VOTERS’ opinion about Brexit and Scottish independence is stuck fast despite months of heated debate, an opinion poll suggests today.
Scots’ views on leaving the EU and breaking up the Union have not shifted in three months, according to our exclusive poll.
On Brexit, 66% of Scots would still vote Remain while on Scottish independence, the Yes/No split has not moved since our polling company last asked the question in July, with 53% opposing independence.
Experts yesterday said the stalemate could be down to many voters switching off from the political debate as the Brexit negotiations drag on, the implications of any or no deal remain unclear, and calls continue for another referendum.
Prime Minister Theresa May, who emerged unscathed from her party’s conference when she danced on stage to Abba, got some more good news yesterday when EU leaders suggested a deal was inching closer.
Elsewhere, the poll shows just one in four Scots have any confidence that the UK Government can secure the best Brexit deal, while 49% back a second referendum on the terms of any settlement secured with the EU.
Andy Maciver, director of political and media consultancy, Message Matters, said: “Despite all the campaigning on all sides, and the relentless media coverage, Scots are not altering their view in any significant numbers on the two big issues of independence or Brexit.
“People are tending not to alter their view because politicians on all sides have discredited themselves with outlandish predictions of dire consequences of a particular course of action.
“People simply don’t believe them anymore.
“The SNP has a strategic quandary – it has the parliamentary strength now to justify another referendum, but support for Yes is flatlining.
“To change either Brexit or independence numbers in any meaningful way probably requires a silver bullet, and the likelihood is that the silver bullet is a chaotic Brexit.”
Polling expert Sir John Curtice said our poll of 1,036 Scots was consistent with UK-wide polling which showed little significant movement in support for Leave or Remain since the 2016 EU referendum.
He said: “People are pessimistic about the consequences of Brexit but they blame the politicians – either the UK Government and or the EU – not their original choice in 2016. The fundamentals are viewed through a partisan lens and certainly not much will happen on indyref2 until Brexit is sorted.
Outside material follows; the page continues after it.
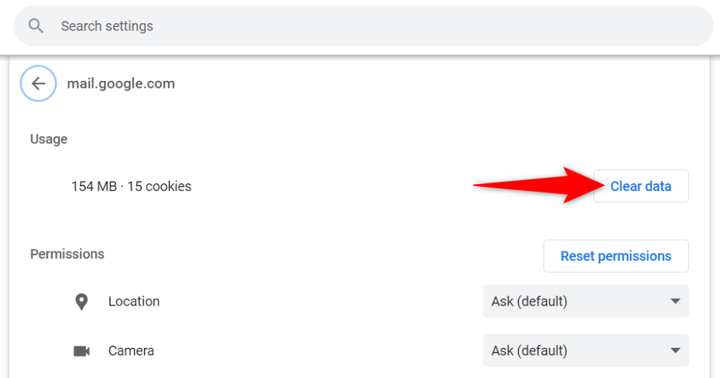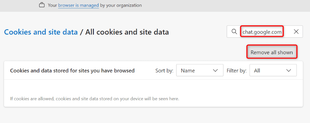 - Tyyppichat.google.comsiinäEvästeetlaatikko, valitsePoista kaikki esitetytja valitseSelkeäkehotuksessa. Toista tämä vaihe etsimälläGoogle.com.

Nicola Sturgeon is still tantalisingly short of majority backing for independence.
“Moreover, there is no guarantee that Brexit will eventually deliver her a Yes majority.
“While 16% of those who voted No in 2014 say that it makes them more likely to back independence, 10% of Yes voters state it has the opposite effect.”
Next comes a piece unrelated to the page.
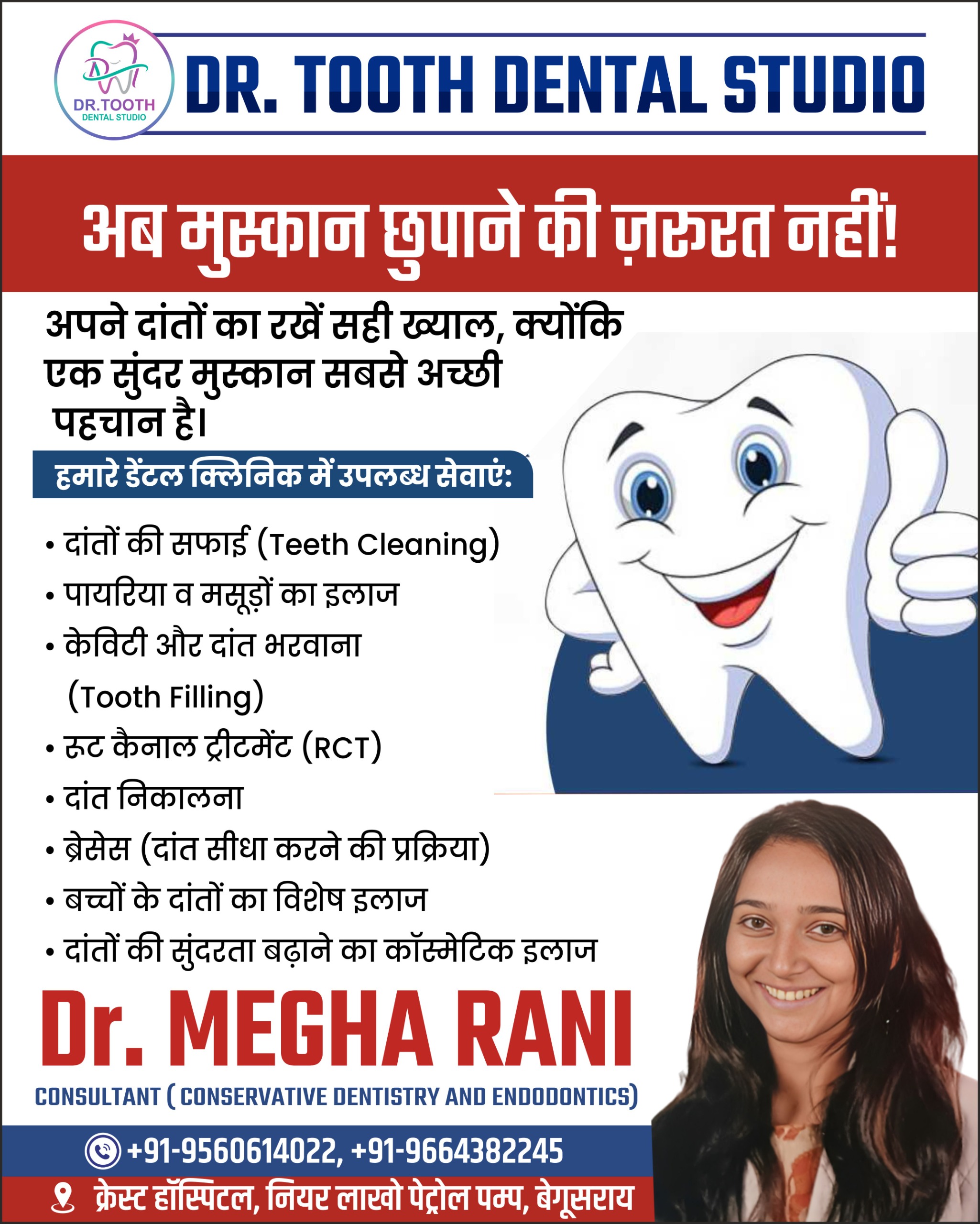 Dr. Tooth Dental Studio is a modern and patient-friendly dental clinic located at Crest Hospital, Near Lakho Petrol Pump, Begusarai. Led by Dr. Megha Rani (BDS, MDS – Conservative Dentistry & Endodontics), we provide complete and advanced dental care solutions for patients of all age groups. Our clinic combines modern equipment, strict sterilization protocols, and personalized treatment plans to ensure painless and effective dental care.

He continued: “Ms Sturgeon faces a Brexit paradox.
“She and most of her party may be firmly committed to remaining part of the EU, but in truth she probably regards her shortest route to holding and winning a second independence referendum to be for the UK to leave the EU, only for the endeavour then to come to be regarded as something of a disaster by voters.”
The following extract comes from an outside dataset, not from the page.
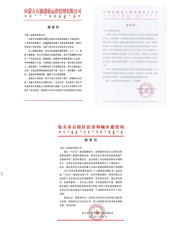 感謝信中表示,中國二冶在內(nèi)蒙古石拐區(qū)風(fēng)電裝備制造產(chǎn)業(yè)園標(biāo)準(zhǔn)化廠房項(xiàng)目建設(shè)過程中,充分展現(xiàn)了央企的政治擔(dān)當(dāng)與雄厚實(shí)力,為石拐區(qū)住房和城鄉(xiāng)建設(shè)事業(yè)高質(zhì)量發(fā)展注入了強(qiáng)勁動(dòng)力。在項(xiàng)目建設(shè)中,項(xiàng)目管理團(tuán)隊(duì)堅(jiān)守政治站位,堅(jiān)持質(zhì)量第一安全至上的原則,構(gòu)筑了完善的質(zhì)量安全管控體系,形成了可復(fù)制、可推廣的先進(jìn)經(jīng)驗(yàn)。憑借專業(yè)的施工管理能力與扎實(shí)的技術(shù)功底,解決了工期緊迫、任務(wù)繁重、施工條件復(fù)雜等挑戰(zhàn),確保了項(xiàng)目按期保質(zhì)竣工,交出了一份質(zhì)量優(yōu)、進(jìn)度快、效益好的滿意答卷,贏得了各方高度贊譽(yù)。

The Survation poll shows support for the SNP at Westminster has increased, with the party on course to gain 11 seats from Labour and the Tories if there was another General Election.
At Holyrood the SNP remains the biggest party but seat projections show it would still need the support of the Greens for a pro-independence majority.
The poll, conducted last week, asked what extent do you have confidence in the UK Government to secure the best Brexit deal?
Only 5% said they had a lot of confidence, while a further 20% said they had some confidence.
A total of 70% said they had not much or no confidence, while the rest did not know.
Meanwhile SNP supporters, who are gathering in Glasgow today for the party’s conference, are divided over the sexual harassment allegations facing Alex Salmond, our poll reveals.
Police are currently investigating complaints against Salmond, who is in turn taking the Scottish Government to court over its handling of the allegations.
Our poll shows 41% of SNP voters are unsure if Salmond – who denies any wrongdoing – is right to take the court action. But 46% of SNP supporters who do have view back him.
Respondents were also asked how well they thought Nicola Sturgeon has handled the claims, with 29% saying she had handled it very or quite well, while 24% said very or quite badly.